While cost-cutting has helped ease some budget pressures, “there’s only so much we can do without reducing levels of service,” said Merfeld. (He was quick to add that the announcement this fall that the turnpike was planning to delay widening of the highway in Portland was not a budget-driven decision. That is, he said, a function of lower than projected traffic volumes.)

No choice
 
In the coming months, as the authority and the legislature look ahead to 2010, the authority envisions an operating budget that is likely to be lower than the one approved for 2009 due to the drop in revenues.

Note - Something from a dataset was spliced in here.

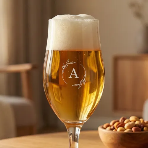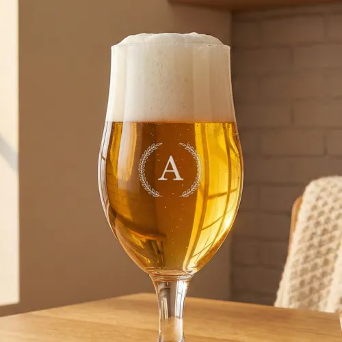 Voeg eenvoudig een eigen tekst toe en maak een uniek bierglas voor elke gelegenheid.

This is what Merfeld calls a “new baseline” with high energy prices continuing to place upward pressures on operating and maintenance costs – and keeping traffic and revenues trending down. As revenues drop though, and energy prices continue to climb, the turnpike may have to enact additional cuts in other areas .
 
“Nobody knows what’s going to happen,” said Merfeld. “At best right now, it’s a guessing game and we’re looking at a new baseline – not necessarily a worst case scenario – but keeping in mind that energy costs are not likely to go down” to pre-2008 levels.
 
Still, unlike MaineDOT, the turnpike is structured on a business model with a board of directors and a charter that protects the investment of its bondholders. That charter was approved by the Maine Legislature in the 1940s, and throughout the years it has served to protect the safety and efficiency of the highway. “The turnpike is part of the interstate system and even though traffic is down this year, we have to remember that millions of people and businesses rely on this road. We have to maintain this highway to a reasonable standard. We don’t have a choice,” said Merfeld.
 

Maintaining Maine’s highways is the goal at MaineDOT as well, and Sweeney expressed hope that the department would be able to resume its paving program next year. He said the department, though, will be keeping a close eye on asphalt prices and, if they rise again, will be ready to adjust its paving programs accordingly. “If the price [of liquid asphalt] jumps to $900 or $1,200 per ton, we’ll be in the same predicament,” said Sweeney. “We only have so much money.”